Peckover survived the 3618 nmi, seven-week voyage in Bountys launch to the Dutch East Indies port of Coupang on Timor and later during the mutineers' court martial in Britain, testified in favour of Midshipman Peter Heywood.

In July 1792, Commodore Pasley, (Peter Heywood's uncle) planned to contact Peckover, who at the time was living in Woolwich.  According to a footnote to the "Report of the Court Martial of Ten of the Mutineers", in May 1794, he was living at No. 13 Gun Alley, in Wapping, London.

== Later navy career ==
Peckover served on various ships during Britain's involvement in the American Revolution and Napoleonic Wars.

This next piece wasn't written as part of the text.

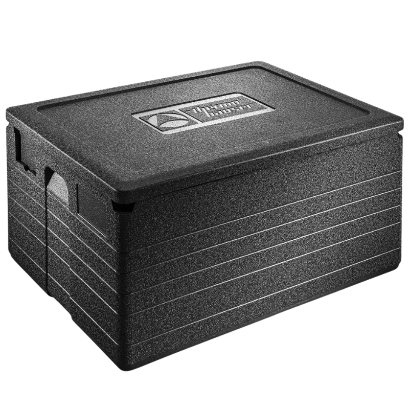 Ergonomiczny pojemnik termoizolacyjny do transportu żywności w kontrolowanych warunkach. Opracowany specjalnie do przewożenia profesjonalnych tac i blach gastronomicznych o wymiarach: (długość) 60 cm x (Szerokość) 40 cm. Obowiązujące przepisy dotyczące bezpieczeństwa żywności i przestrzegania łańcucha chłodniczego podczas transportu stają się coraz bardziej rygorystyczne. Gastronomiczne pojemniki termoizolacyjne pozwalają na spełnienie wymagających przepisów dotyczących transportu produktów spożywczych. Doskonale sprawdzają się do transportu wewnętrznego, tymczasowego przechowywania oraz dostaw do oddziałów zewnętrznych i klientów. Przy prawidłowym zastosowaniu pojemniki pozwalają na zagwarantowanie bezpieczeństwa transportowanej żywności.

Royal Navy records state Peckover served as a gunner on the following vessels:

- 30 Oct 1780 - HMS Dictator
- 15 Jul 1782 - HMS Resistance
- 11 Jun 1784 - HMS Recovery
- 16 Dec 1784 - HMS Warspite
- 27 Jan 1785 - HMS Amphitrite
- 24 Aug 1787 - HMAV Bounty
- 1 Dec 1790 - HMS Antelope
- 6 Jun 1791 - HMS Sultan
- 23 Jan 1792 - HMS Antelope
- 6 Feb 1792 - HMS Ocean
- 23 May 1798 - HMS Bedford
- 30 Aug 1798 - HMS Irresistible
- 14 May 1801 - HMS Gelykheid
Peckover applied for a position as gunner on HMS Providence (the second breadfruit expedition to Tahiti) but was refused by Bligh. In a letter to Sir Joseph Banks, 17 July 1791 (two weeks before departure), Bligh wrote:

‘‘Should Peckover my late Gunner ever trouble you to render him further services I shall esteem it a favour if you will tell him I informed you he was a vicious and worthless fellow – He applied to me to render him service & wanted to be appointed Gunner of the Providence but as I had determined never to suffer an officer who was with me in the Bounty to sail with again, it was for the cause I did not apply for him.’’

The last known record of Peckover mentions him serving on HMS Gelykheid; he was superannuated on 10 June 1801; and is not mentioned any further in navy records. Gunner William Peckover, Gentleman of HMS Irresistible was created a Governor of the Chatham Chest.

National Archive records show that Peckover made provision in his pension for a widows pension: He was married to Sarah. Colchester Records Office show that Sarah Peckover was buried at Holy Trinity Church Colchester on 11 March 1819 aged 62 as was William Peckover a few months later on 16 May 1819 aged 70.